Le RNAi est un mécanisme cellulaire de régulation de l’expression des gènes. Ce mécanisme repose sur la synthèse d’un petit ARN d’une vingtaine de bases qui va se fixer sur une séquence complémentaire d’ARNm et ainsi entrainer la formation d’un double brin d’ARN. Ce complexe double brin d’ARN sera dégradé par le complexe RISC (RNA induced silencing complex) entrainant la dégradation des ARNm, le blocage de la traduction et l’arrêt de la transcription par méthylation de tous les ARNm correspondants (Figure 2.5 et pour revue Hannon et al. 2002). Ce mécanisme naturel peut être détourné pour inhiber l’expression d’un gène spécifique ou l'expression d’une famille entière de gènes. Il consiste à transformer la plante avec un vecteur contenant un fragment du/des gène(s) à éteindre, en construction sens et antisens. Cette méthode puissante de génétique "reverse" permet d’obtenir une variété de phénotypes allant d’une faible extinction à une extinction quasiment complète du gène. Il existe également depuis peu de temps des vecteurs permettant de réaliser ce type de transformation à haut débit conduisant à des populations de transformants (Helliwell and Waterhouse, 2003).

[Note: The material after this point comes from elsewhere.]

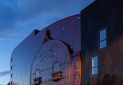 Конкурс на реконструкцию Бетюнского театра комедии прошел в 2009 году, однако реализован проект Manuelle Gautrand Architecture был только в прошлом году. Целью реконструкции стало увеличение площади, ремонт, а так же приведение культурного центра в соответствие с современными требованиями безопасности. Изменения коснулись как интерьера, так и экстерьера. Здание состоит из двух объемов разных форм. Округлый элемент символизирует прошлое театра (он претерпел минимальные изменения), а прямоугольный черный объем – это новая пристройка, дань современности. Обе части композиции «опутаны» ромбами; на красном фоне фасада сетка из черных геометрических фигур выглядит как решетка. Пристроенная часть отделана металлическими листами с похожей текстурой.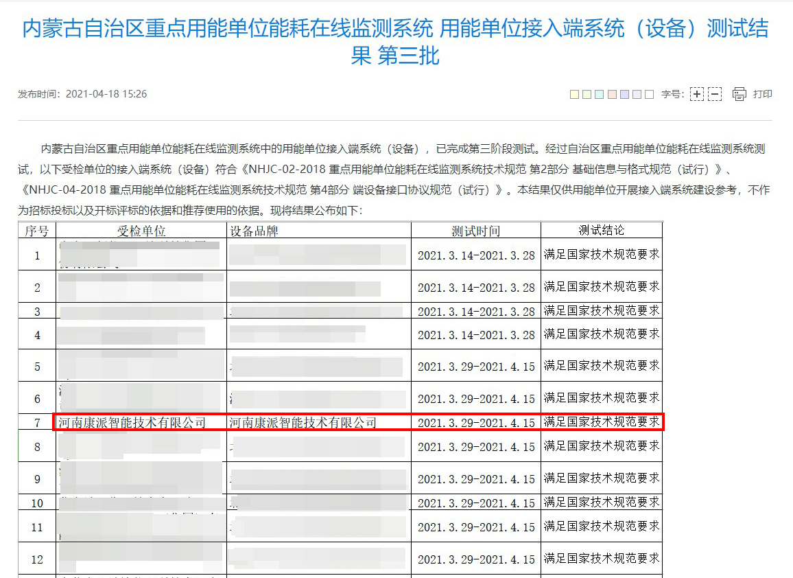 2021年4月18日,內(nèi)蒙古自治區(qū)重點(diǎn)用能單位能耗在線監(jiān)測(cè)系統(tǒng)中的用能單位接入端系統(tǒng)(設(shè)備),已通過第三階段測(cè)評(píng)。經(jīng)過內(nèi)蒙古自治區(qū)計(jì)量測(cè)試研究院測(cè)評(píng),康派智能能耗在線監(jiān)測(cè)端設(shè)備符合內(nèi)蒙古自治區(qū)重點(diǎn)用能單位能耗在線監(jiān)測(cè)系統(tǒng)技術(shù)要求。公布結(jié)果如下圖所示:

4.1.2.2 Mutagenèse insertionnelle

Cette technique permet de muter mais également de "marquer" le génome, elle est donc employée dans des approches "forward" et "reverse". Elle consiste en l’utilisation d’une séquence d’ADN (T-DNA) qui va s’insérer aléatoirement dans le génome et donc parfois dans des gènes. L’identification des régions d’insertion peut être réalisée par PCR et/ou séquençage des régions bordantes du T-DNA. Cette technique est très largement utilisée et a fait ses preuves chez A. thaliana, où de nombreuses validations fonctionnelles ont été réalisées à partir de ce type de mutation. Cette ressource est disponible chez M. truncatula à l’Institut des Sciences du Végétal (ISV-CNRS) (Gif/Yvette, FR) (Scholte et al. 2002).

Figure 2.6 : Principe du criblage d’une population de mutants contenant le rétrotransposon Tnt1 (extrait de Tadège et al., 2005)

4.1.2.3 Utilisation d’éléments transposables

Cette technique est en partie basée sur la précédente et permet de générer une grande population de mutants. Elle consiste en l’introduction dans le génome de la plante d’un transposon soit de type I : rétrotransposon qui copie son ARN et s’insère ailleurs dans le génome (transposition de type copier-coller), soit de type II : transposon à ADN qui "saute" dans le génome (transposition de type couper-coller). Ces éléments mobiles sont donc capables de s’insérer dans un nouvel endroit du génome, par exemple à chaque étape de régénération in vitro de la plante dans le cas spécifique du transposon Tnt1. De la même manière que précédemment, ces populations de mutants sont utilisées en génétique "forward" et "reverse" et l’identification des régions mutées se fait par PCR et/ou séquençage des bordures du transposon. Chez M. truncatula, des populations de ce type ont été réalisées grâce au rétrotransposon Tnt1 du tabac sur des génotypes R108 à l’ISV-CNRS (Figure 2.6) (d’Erfurth et al. 2003) et plus récemment sur le génotype A17 dans le cadre d’une collaboration entre l’ISV-CNRS (Gif/Yvette, FR) et la Noble Foundation (Ardmore, USA).